Starting from the line with "Ideální doplněk suchého" and going up to and including the line with "Project reportAmendment Assessment", copy the listing below exactly. Leave all images out.

Extracted records:
————————

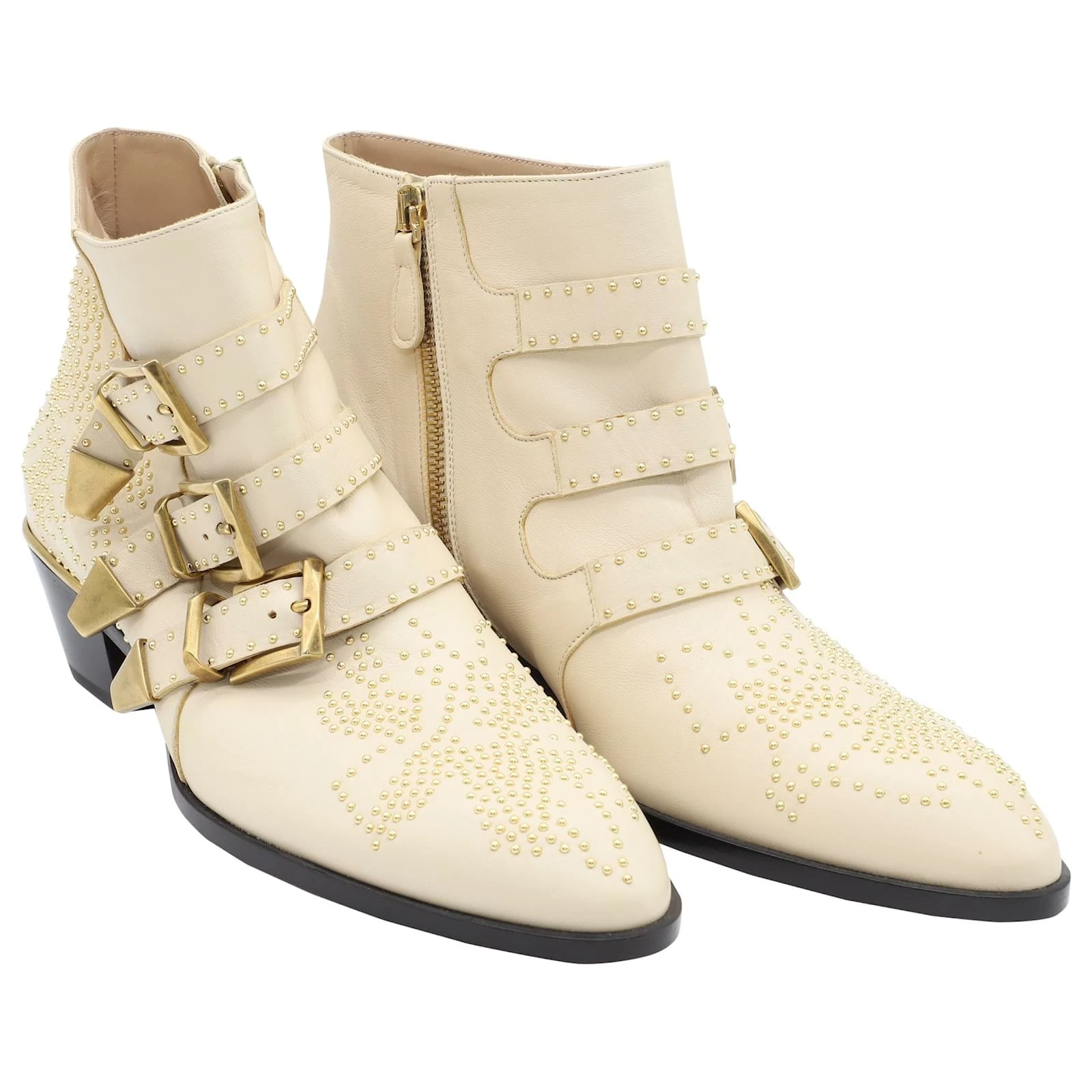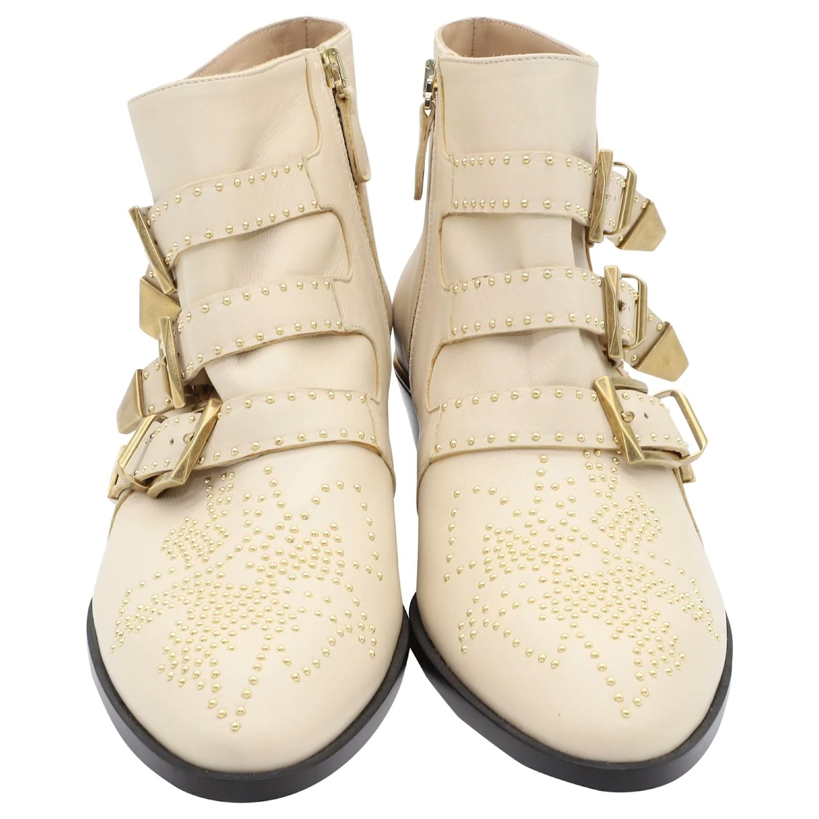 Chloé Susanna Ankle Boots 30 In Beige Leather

————————

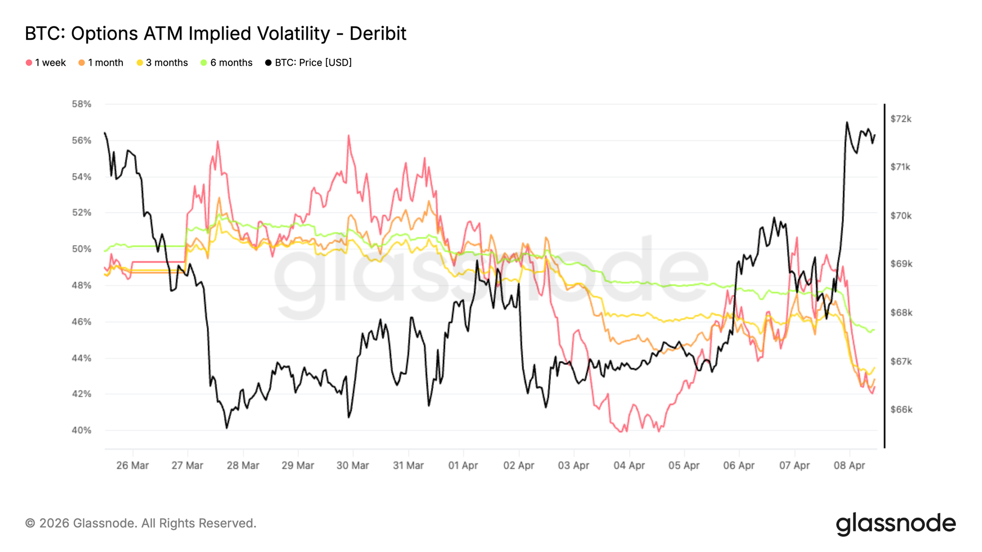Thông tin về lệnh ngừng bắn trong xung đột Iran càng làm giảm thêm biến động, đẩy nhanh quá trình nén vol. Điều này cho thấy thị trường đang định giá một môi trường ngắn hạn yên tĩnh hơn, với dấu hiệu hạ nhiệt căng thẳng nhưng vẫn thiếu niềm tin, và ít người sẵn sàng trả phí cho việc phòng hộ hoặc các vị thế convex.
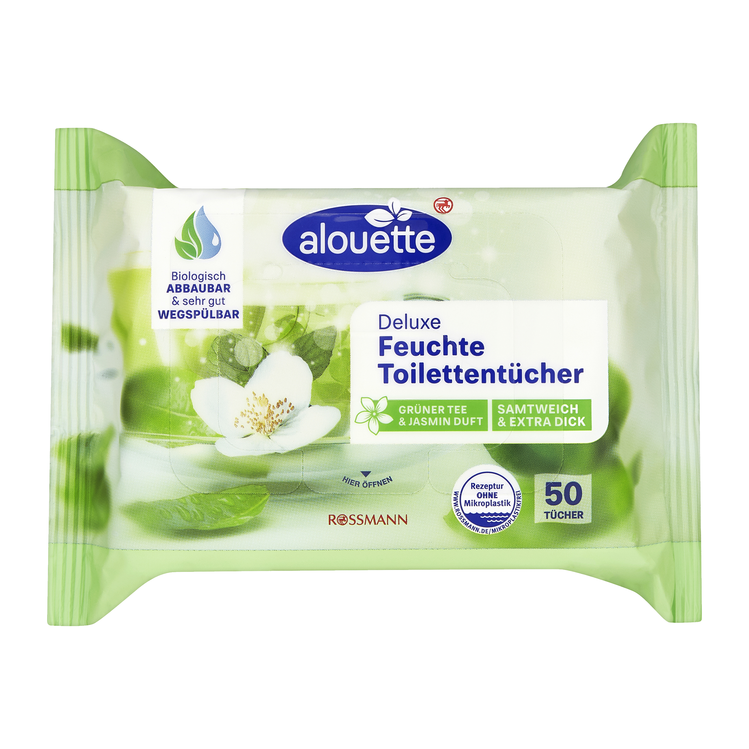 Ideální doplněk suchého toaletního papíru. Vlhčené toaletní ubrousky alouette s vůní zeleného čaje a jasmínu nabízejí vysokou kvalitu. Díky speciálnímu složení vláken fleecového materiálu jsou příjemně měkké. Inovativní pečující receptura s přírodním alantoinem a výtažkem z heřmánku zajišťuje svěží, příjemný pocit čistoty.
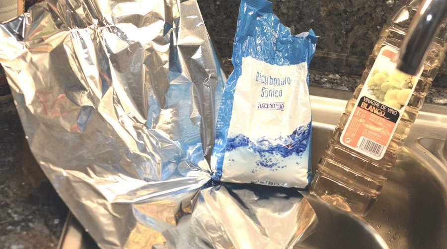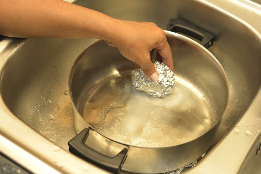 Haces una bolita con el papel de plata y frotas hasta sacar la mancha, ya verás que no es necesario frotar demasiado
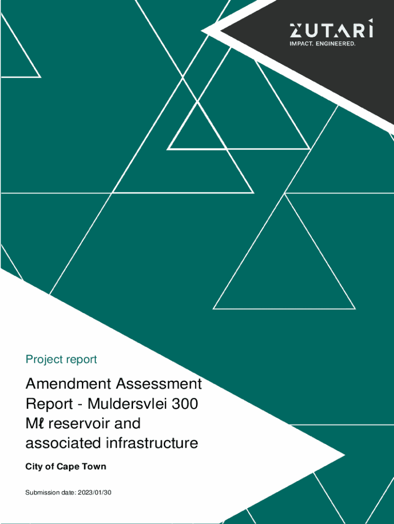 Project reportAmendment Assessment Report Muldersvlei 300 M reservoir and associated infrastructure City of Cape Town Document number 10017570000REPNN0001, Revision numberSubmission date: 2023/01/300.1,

————————

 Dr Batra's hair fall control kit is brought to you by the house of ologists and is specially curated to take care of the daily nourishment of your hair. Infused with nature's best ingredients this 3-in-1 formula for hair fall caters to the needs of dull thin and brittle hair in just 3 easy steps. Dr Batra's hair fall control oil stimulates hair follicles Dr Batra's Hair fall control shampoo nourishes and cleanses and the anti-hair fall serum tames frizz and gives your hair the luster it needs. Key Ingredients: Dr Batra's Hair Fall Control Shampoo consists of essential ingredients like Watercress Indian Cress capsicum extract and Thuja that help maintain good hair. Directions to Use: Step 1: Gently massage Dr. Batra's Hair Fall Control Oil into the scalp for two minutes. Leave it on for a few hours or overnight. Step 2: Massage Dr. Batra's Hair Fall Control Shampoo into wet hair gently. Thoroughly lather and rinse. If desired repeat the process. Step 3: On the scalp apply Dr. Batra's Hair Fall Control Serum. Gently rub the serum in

————————

Output for this task:
 Ideální doplněk suchého toaletního papíru. Vlhčené toaletní ubrousky alouette s vůní zeleného čaje a jasmínu nabízejí vysokou kvalitu. Díky speciálnímu složení vláken fleecového materiálu jsou příjemně měkké. Inovativní pečující receptura s přírodním alantoinem a výtažkem z heřmánku zajišťuje svěží, příjemný pocit čistoty.
 Haces una bolita con el papel de plata y frotas hasta sacar la mancha, ya verás que no es necesario frotar demasiado
 Project reportAmendment Assessment Report Muldersvlei 300 M reservoir and associated infrastructure City of Cape Town Document number 10017570000REPNN0001, Revision numberSubmission date: 2023/01/300.1,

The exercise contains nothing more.